# Hello to all + questions



## Jeff TT (Aug 1, 2010)

Hello to all, new to this forum but not to Portugal, well relatively that is.

So a few questions but first a bit about me an the missus.

Children all grown up and gone their seperate ways/ lifes etc. our own garage business in the UK with a couple of houses and a driveful of cars and two dogs!!

So what to do next, over the past 10 years having spent many happy times in the Algarve the lure of life and the weather is getting too much, every single time we visit the area we spend half the holiday looking around at potential homes, land and ventures that we could get stuck into.

If we were to sell up in the UK ( but leave the business running via our son) we could potentially arrive with a tidy sum, is it really a dream or can a 49 ( who I am kidding 50yr old in December!) settle in to a new life, extend my business here too, build a house in the country with land etc!!

Some 20 years ago we almost moved to Southern France and can remember the months of paper work and permits, the logistics of moving three school age kids and a dog! was at the time almost impossible but we got it all done only at the very last moment in fact moving day did a small matter of 2 weeping daughters and a wife stop the move going ahead!!! was saying goodbye to the family that did it!

So 20 odd years on and hopefully wiser and sadly our own parents now gone so not so many ties here, we are looking to start making some concrete plans, of course these feeling always coincide with a holiday to the area (Sept 15th ) but this time will be looking for more commercial or business ideas, do garage workshops seem to be in demand in Portugal? is it more likely that any business we undertake will be best aimed at expats or does that have its limitations.

Do small to medium business get any help from the goverment if employing locals etc. is there an active expat business community to aid in setting up a new to the county business.

Ok there is a start 

Thanks for any advise

Jeff


----------



## PETERFC (Apr 3, 2009)

*Reply*

Hi Jeff

First let me welcome you to the Forum, A wise move if you need information of any kind.

Peter


----------



## stephanie (Nov 11, 2008)

Jeff TT said:


> Hello to all, new to this forum but not to Portugal, well relatively that is.
> 
> So a few questions but first a bit about me an the missus.
> 
> ...


Hi Jeff,

Firstly, well done for making such a shrewd decision to come and live in Portugal! I moved to the Silver Coast with my family over 5 years ago and cannot imagine living anywhere else.

You are absolutely right to do some research before you take the plunge, starting a small business is perfectly possible but unless you speak fluent Portuguese can be a bit of a complicated process - actually, I believe it is complicated even if you do speak Portuguese. . . However, don't let me put you off!

Your next step should probably be to talk to an accountant who can let you know all the ins and outs.

When you come over on the 15th are you planning to just stay in the Algarve or will you explore other areas? If you come up to the Silver Coast I can put you in touch with a very good english speaking account in Caldas da Rainha who would be well worth talking to.

As for planning and building there is A LOT of paperwork and messing about but if you are actually living in Portugal it is not so difficult. You will, however, spend rather a lot of time waiting in council offices for various licences to be issued etc.

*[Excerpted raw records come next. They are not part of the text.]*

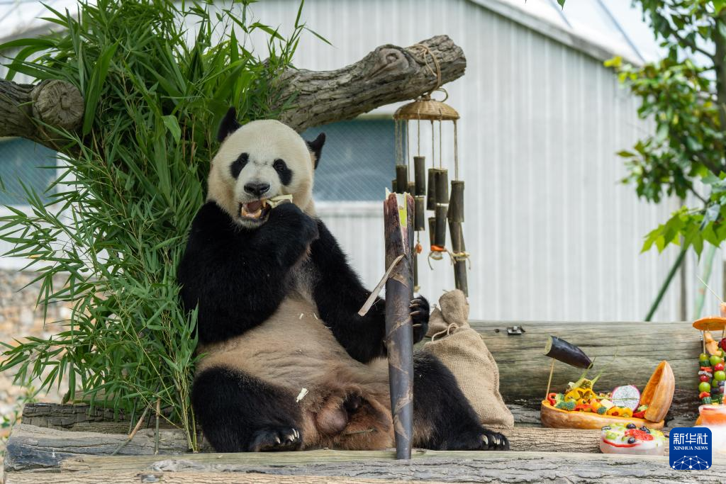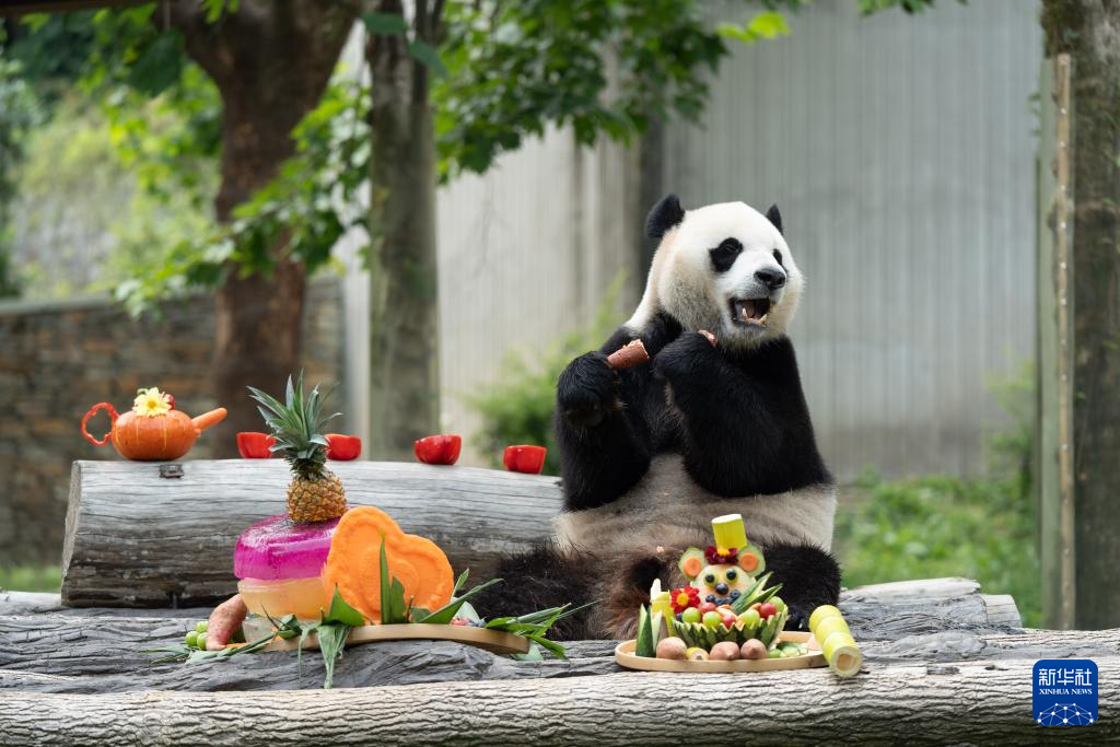 7月17日,大熊猫小奇迹在享用美食。新华社记者 薛晨 摄
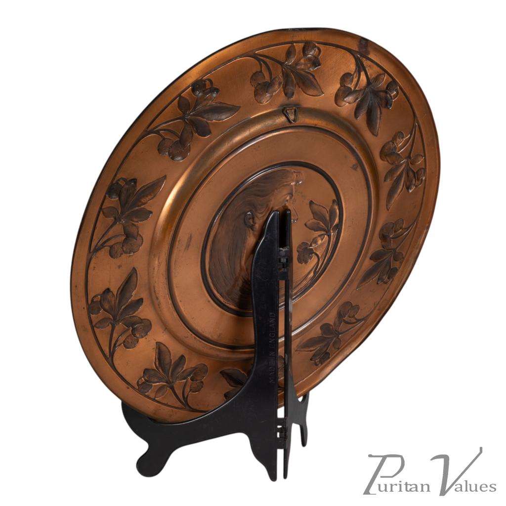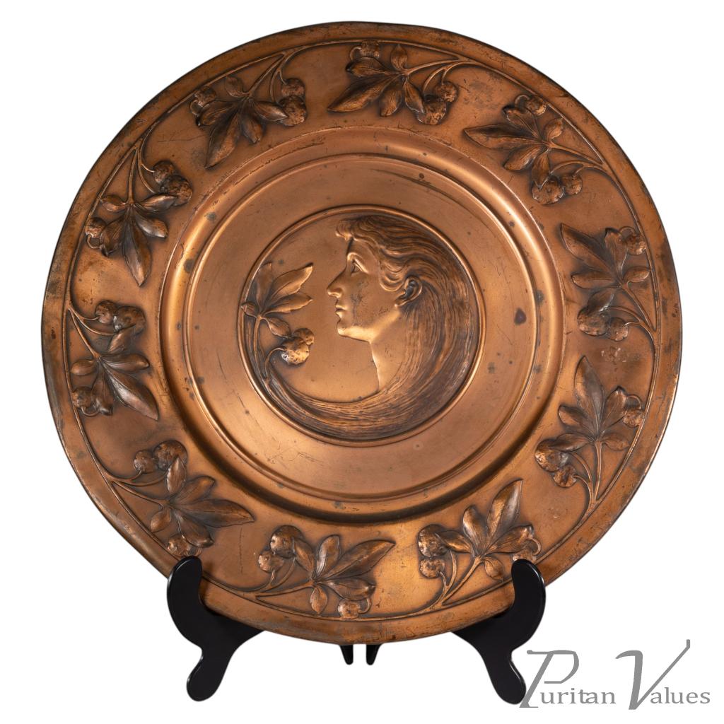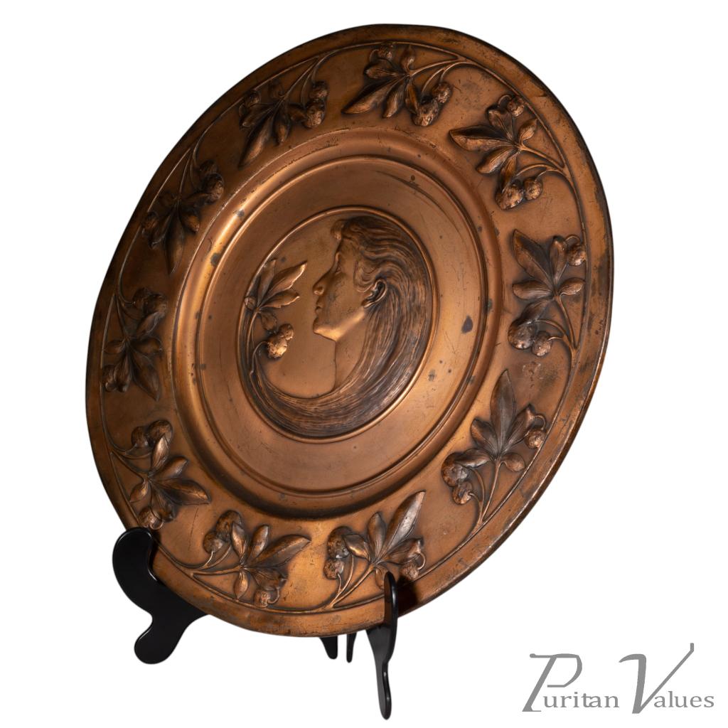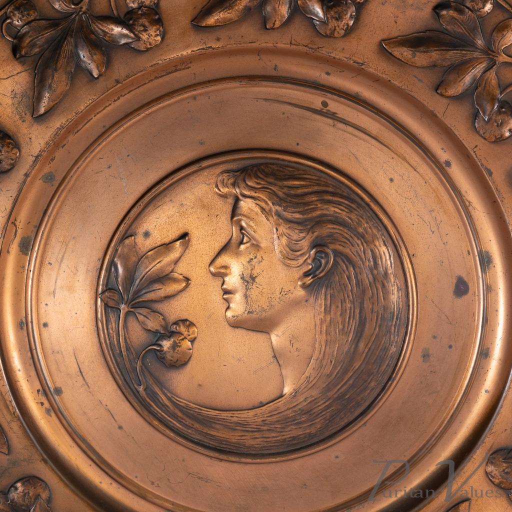 Pair of wall plaques in brass, of the Art Nouveau period (1890–1910). Made by WMF (established 1853–present), each circular plaque carries a central portrait, one depicting a lady and the other a gentleman, enclosed within a running border of fruiting strawberry vines. The decoration unites natural motifs with fine repoussé work, a hallmark of WMF’s early twentieth-century production.
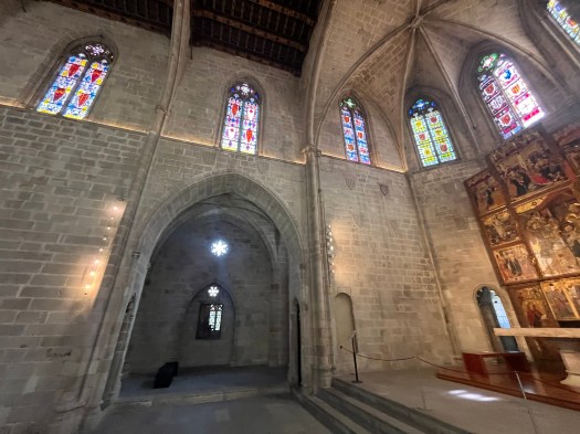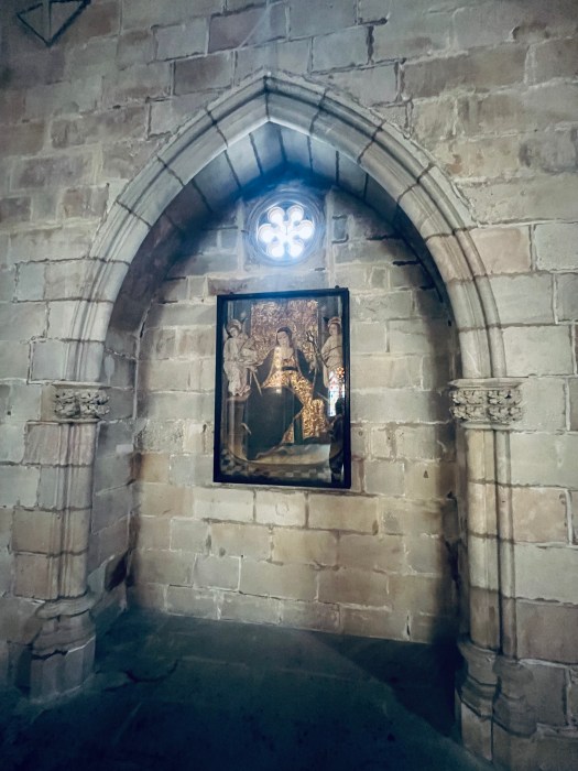 Thinking about some of the narrator’s relationships with men in I am home. I felt a kinship with Agatha and spent time there enjoying the energy in that space near her portrait and the alcove, talking to her about courage and integrity, and telling her about experiences with refusing men almost two-thousand years later. I looked for a sign noting it was her chapel, for a sign about the painting and her life, looked for the painter’s name to no avail, and noticed on all signage of the chapel there was no mention of Agatha on the premises other than her name painted in the halo around her head. An internet search on St. Agatha’s Chapel will turn up St. Agatha’s Royal Chapel, and more. Yet, for some reason, mention of her story is omitted within this inspiring and beautiful space. I asked a woman who was touring the chapel if she knew about her and her story and after she shook her head, I told her what I knew. She then bowed before Agatha’s portrait. I wondered why there were no pews in the nave, no place to rest, other than a few low square stools off to the sides in the alcoves placed in front of televisions to watch videos about Barcelona. No mention of Agatha there, either. I slid one of the stools in front of Agatha’s portrait and under the center point of the vaulted ceiling and let all that energy charge me. I felt at home.
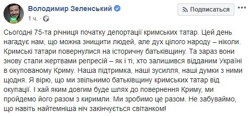 Я верю, что мы освободим родину крымских татар от оккупации. И пусть каким бы долгим ни был путь к возвращению Крыма, мы пройдем его вместе с кырымлы (крымские татары — прим. «Ридуса»). Мы сделаем это вместе. Не забывайте, что даже самая темная ночь заканчивается рассветом, — написал Зеленский в Facebook.
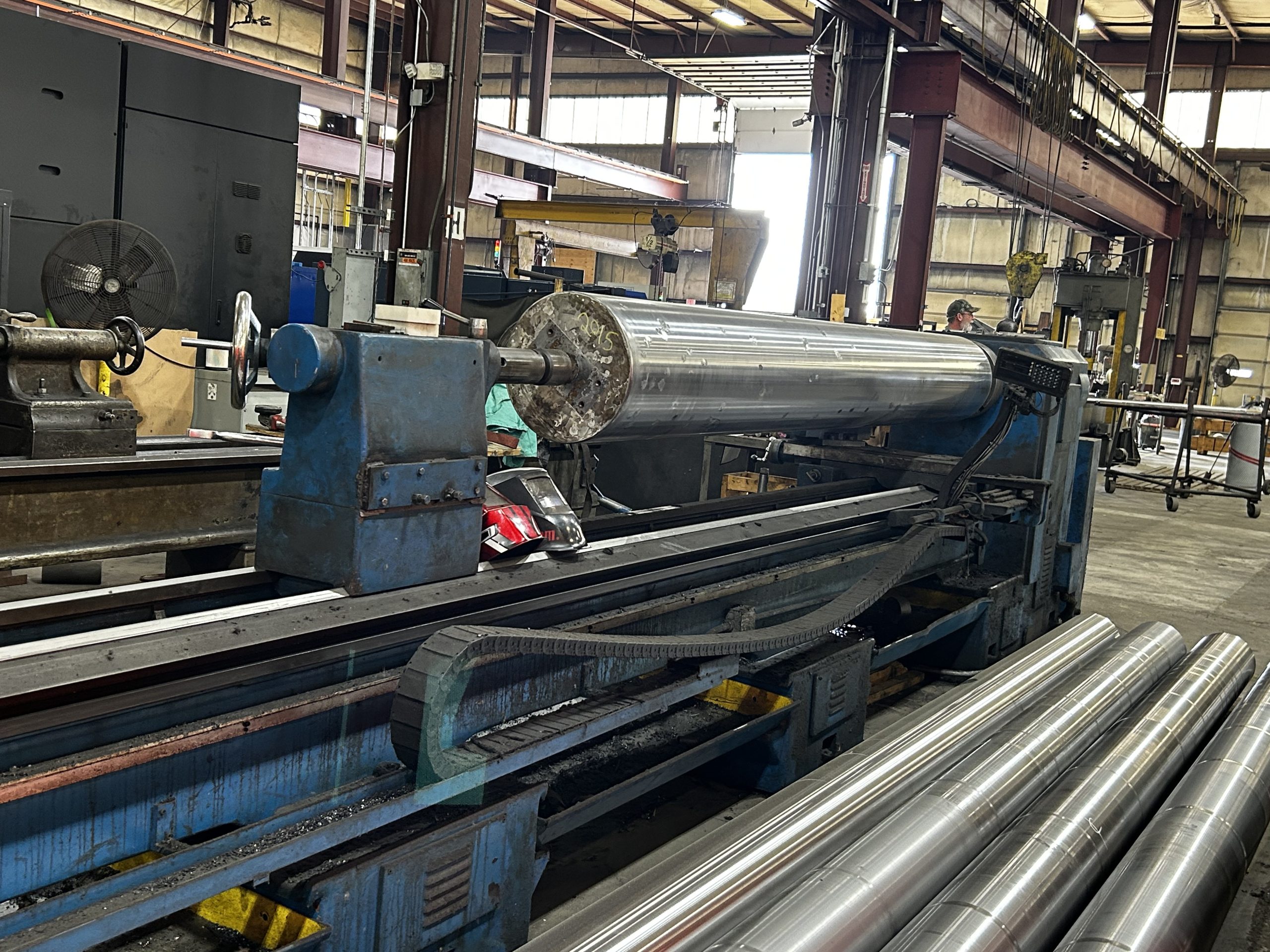 Manual and CNC turning capabilities allow us to meet the most demanding specifications using a wide range of materials. Our maximum capacity is 210″ in length and 36″ diameter — ideal for large industrial rollers, mandrels, and arbors.
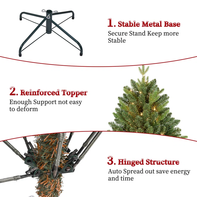 - Pre-Lit Artificial Christmas Tree Warm White Lights & PVC/PE Mixed Branch tips

Our one and only English food shop in the area, Union Jacs in Tornada, is having an open day on Saturday September 18th. The idea is for local businesses in the area to all get together, have a cup of tea and do a bit of promotion. If you were able to attend you could maybe make some useful contacts.

Good luck with your plans!

Stephanie


----------



## MrBife (Jul 26, 2009)

Just wanted to add a few comments from experience ....

Working in the Algarve is nothing at all like being on holiday in the Algarve, working here means you probably have to work harder than you did in the UK as hourly rates are lower and competition pretty fierce, that is not to say you couldn't come up with a USP within your field as I am sure there are still many.

Setting up a company couldn't be easier, you find an accountant you like, tell him about the activities of the company. Give him some money and he does everything for you in a week or so. There is absolutely no assistance with any of this - the same as in the UK. 

If you take on someone who was previously registered as unemployed then you get some help with their National Insurance payments for the first year. That's useful but not really significant.

Every village has one or two garage workshops, my local one bases its charges on 15 euros per hour and you get quite a good job done for that. I know they mark up parts by 10% as I have seen suppliers invoices. If they try to charge astronomical prices per litre for oil and a fee for filling the windscreen washers then people just walk.

Personally I didn't get to the beach once this Summer and a just few of my working days were 17 hours long, having said that I wouldn't swap back to working in the UK.

Working for the expat community limits yourself to a small percentage of the potential market having said that there are Indian run workshops in the UK working mainly for Indian clients who dont speak English that are probably doing OK ? Same niche approach.

Lots of positive points about life in Portugal and I for one wouldnt want to live anywhere else but from a work perspective, easy it aint.


----------